Similarly, Mayorga called herd immunity a "moving target" that is influenced by many different things, pointing to the new, more contagious variant of the virus as an example.
How will we know when herd immunity has been achieved?
Mayorga's guess is that it's when we see a significant drop in new cases in the community. Mansfield said he is relying on the CDC to analyze the data and calculate the percentage, saying it's not something that would be done on the local level or even the state level.
There's also the possibility that states could end up with very different vaccination rates. What happens if Connecticut sees higher vaccination rates and cases going down before the rest of the country?
Cahill said residents still shouldn't resume more normal activities yet, commenting on the ease of travel and saying we "shouldn't consider ourselves unique or an island."
Of course, states may make very different decisions on what to reopen or what to allow when, as they have done with closures throughout the pandemic.
"The mitigation measures that people have put in place have varied pretty dramatically, so I think whenever that happens, there's a lack of consistency and that can affect the public's trust about what's safe and what's not safe," Mansfield said.
But he wouldn't be surprised if different approaches are taken in different states based on herd immunity levels and transmission rates, and Mayorga thinks it's likely that a state will have restrictions lifted if it has a better vaccination rate.
Some foresee a future where people might have to show proof of vaccination to go to different places or do different activities.

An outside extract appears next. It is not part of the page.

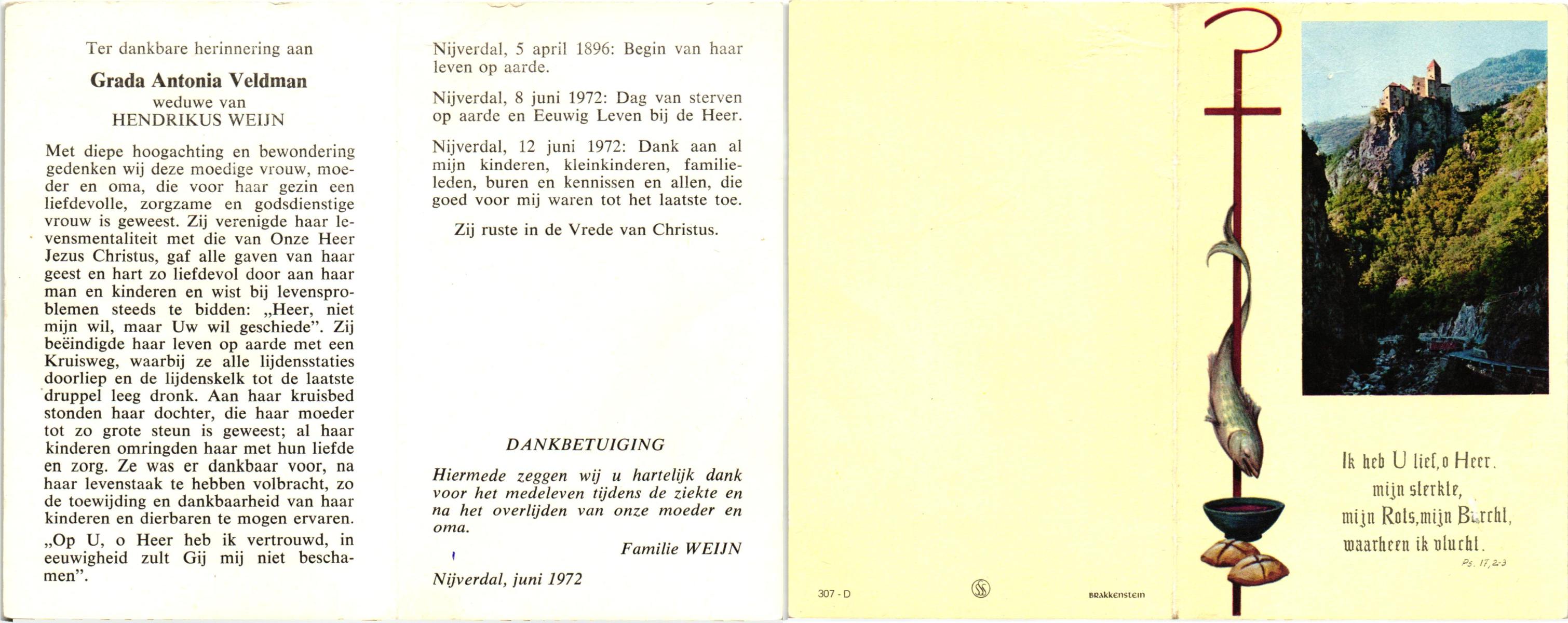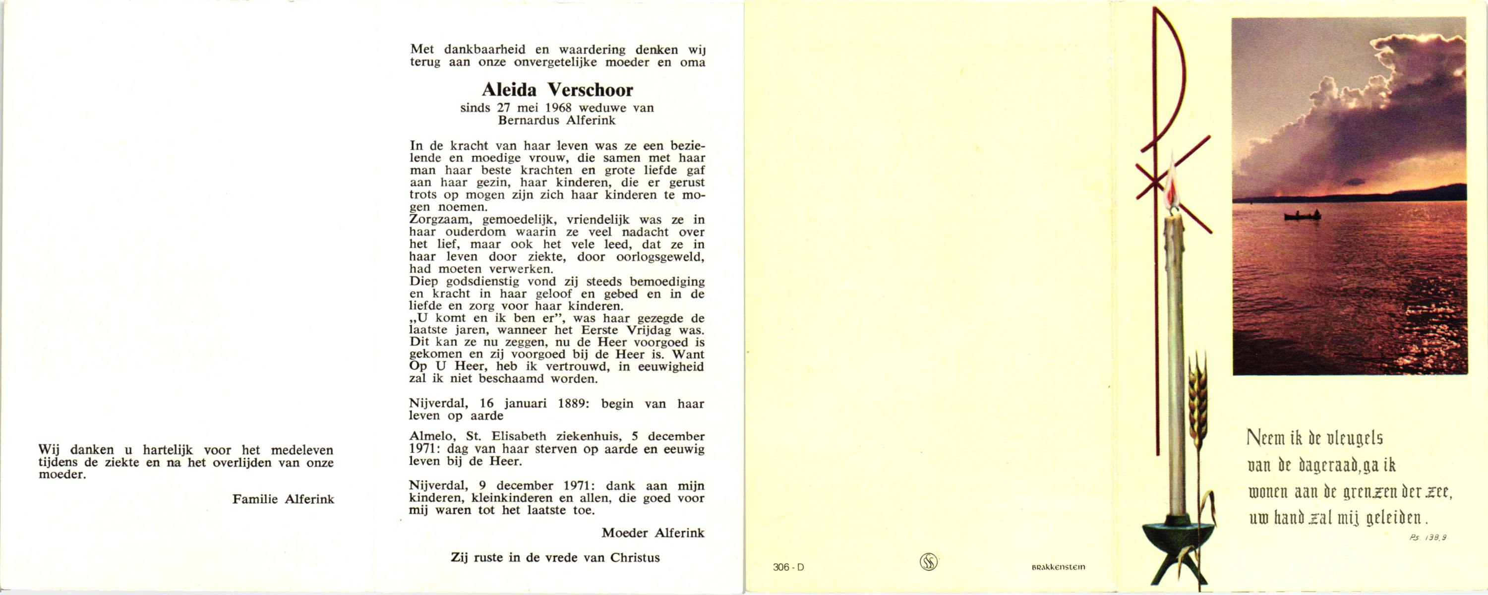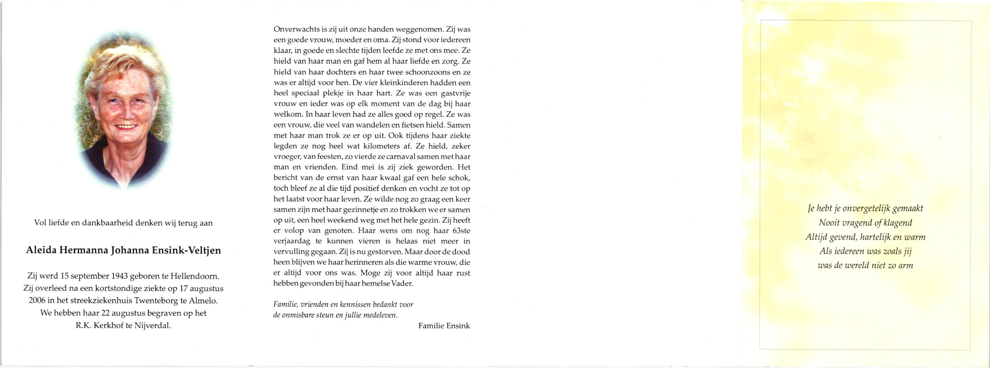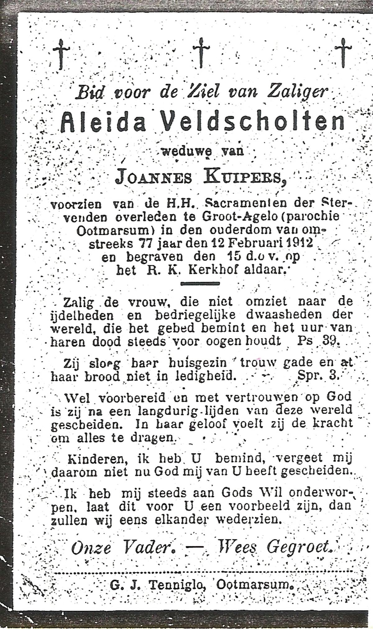 VELDHUIS, Aleida, geboren op 31-12-1890 te Enschede, overleden op 12-11-1971 te Enschede, ziekenhuis op 80-jarige leeftijd, begraven op 17-11-1971 te Enschede.

"If I were to imagine what it might look like as we progress towards more vaccination, I can think that perhaps there's a vaccination passport, proof of vaccination, that allows you to attend certain events, fly to certain countries," Mayorga said. He thinks time will tell, but said maybe someone could go to a Broadway show but only if they have proof of vaccination.

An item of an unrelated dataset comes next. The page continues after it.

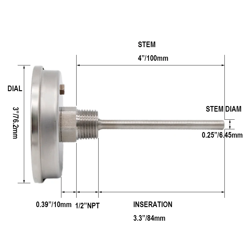Термометр с циферблатом Homebrew-зонд 3 "Face x 4"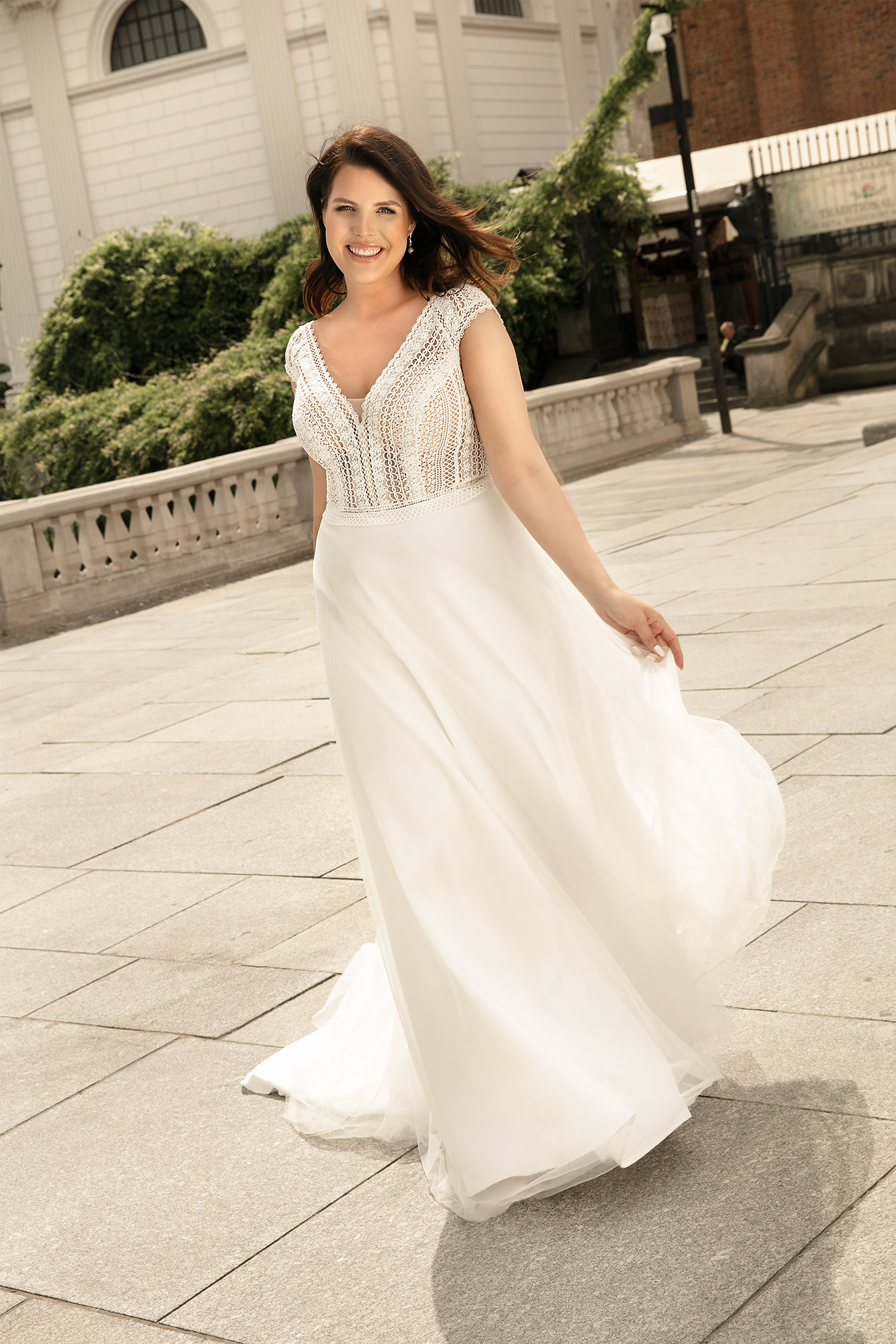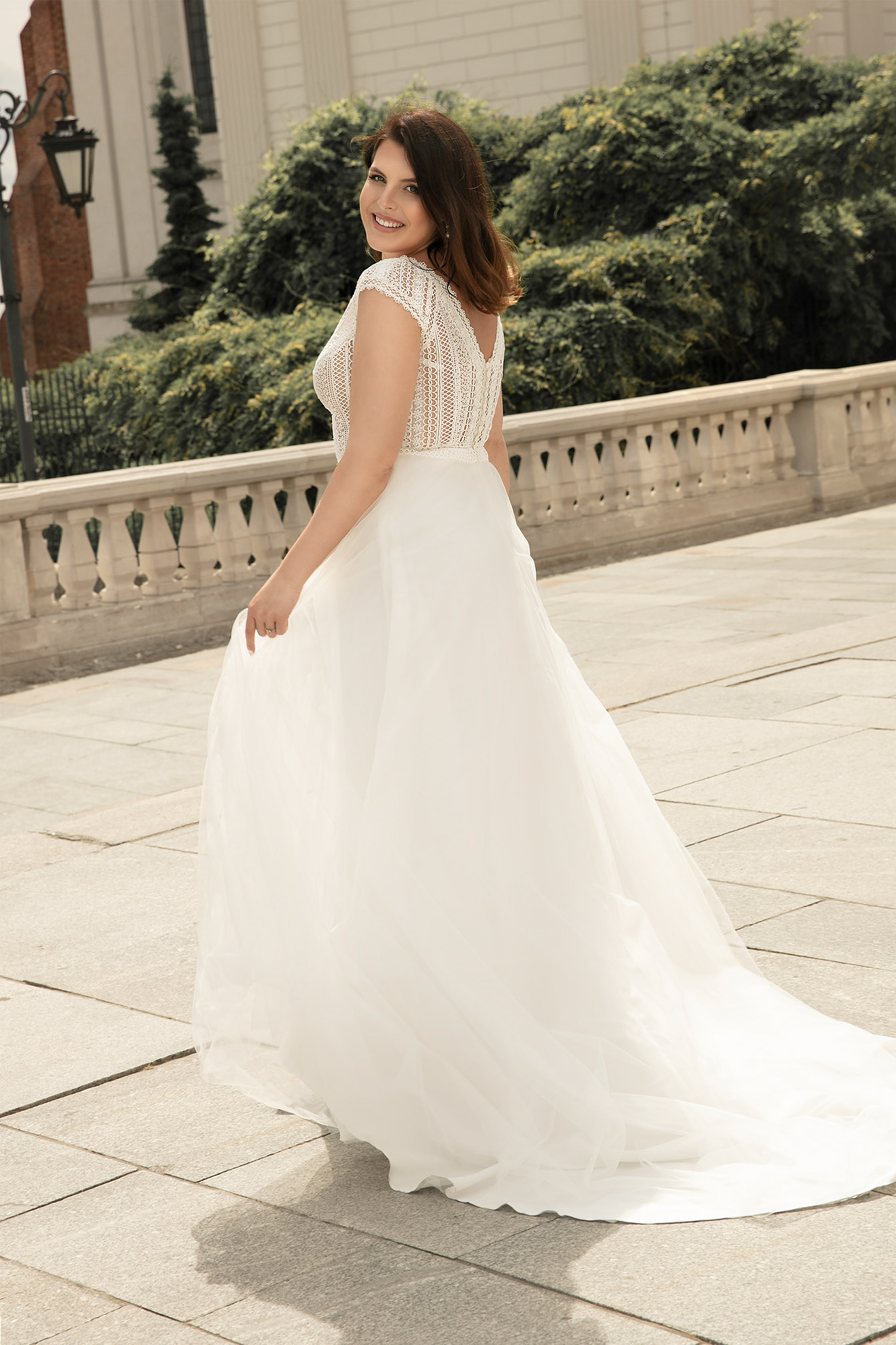 Pełna gracji, wdzięku i swobody suknia ślubna w stylu boho. Delikatny gosret z krótkimi rękawkami bogato zdobiony subtelnym haftem. Dekolt przód, tył w kształcie litery V zmysłowo odkrywa szyję i ramiona. Guziczki z tyłu gorsetu dodają pikanterii. Spódnica z trzech warstw tiulu nadaje lekkości całej kreacji. W tym modelu poczujesz się zmysłowo i kobieco.

Mansfield said he hasn't heard any discussion about this concept but it wouldn't surprise him if some entities decided to only provide services to people who have been vaccinated.
Dr. Ramindra Walia, chief medical officer for UCFS Healthcare, considers the vaccine another weapon that we have but not the ultimate weapon. He hopes it will become the ultimate weapon but said we don't have the information to know that yet.

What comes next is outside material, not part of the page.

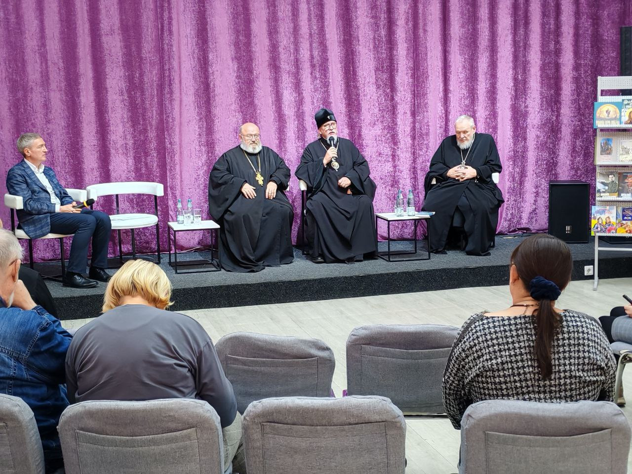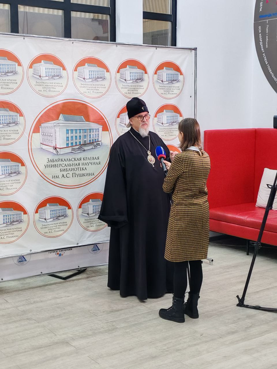 28 и 29 октября 2025 года митрополит Читинский и Петровск-Забайкальский Димитрий принял участие в книжном фестивале “Забайкальская осень — 2025”. Фестиваль представлял целую серию встреч с православными книгоиздателями и писателями. Читинская епархия совместно с городским порталом "Чита.Ру", Минкультуры Забайкальского края, Забайкальской краевой библиотекой имени Александра Сергеевича Пушкина, при поддержке компании “Удоканская медь”, организовали встречу в Забайкальской краевой библиотеке, в ходе которой прошли весьма важные обсуждения о роли православной книги в современном мире, а также, как на неё влияют новые технологии и искусственный интеллект. В эпоху быстрого информационного потока и обилия противоречивых идей православная литература продолжает служить надёжным духовным ориентиром. Она помогает людям найти ответы на вечные вопросы, укрепить веру и сохранить нравственные ценности. Православная книга является важным инструментом в воспитании подрастающего поколения, формировании у него правильных жизненных ориентиров. Была затронута тема обсуждения электронных и аудиокниг, которая затрагивает вопросы их преимуществ, недостатков и того, как они влияют на восприятие и усвоение информации по сравнению с традиционными бумажными книгами. Безусловно оба варианта обладают рядом преимуществ, которые делают их полезными для современных читателей и слушателей. Электронные книги ценят за портативность и удобство, а аудиокниги — за возможность совмещать чтение с другими занятиями. Но тем не менее, печатная версия книги по-прежнему обладает рядом актуальных преимуществ, которые недоступны в электронных и аудиоформатах. Эти достоинства связаны как с особенностями восприятия информации человеком, так и с эмоциональным и физическим опытом чтения. Спикерами данной встречи являлись: митрополит Читинский и Петровск-Забайкальский Димитрий; главный редактор издательства Журнала Московской Патриархии - епископ Балашихинский и Орехово-Зуевский Николай; епископ Нерчинский и Краснокаменский Макарий; клирик Ставропольской епархии, известный блогер и преподаватель Херсонского государственного педагогического университета - протоиерей Геннадий Шкиль.

Walia said with the vaccine, "we should start being hopeful, we should start being optimistic, but we shouldn't start being careless."
Mansfield said there are many variables determining what the future will look like, such as vaccine supply, how many people are willing to be vaccinated, and what herd immunity is. But he thinks if we can vaccinate a lot of the population in relatively short order, "I'm very hopeful that we'll be approaching some sense of normalcy in the middle of the year."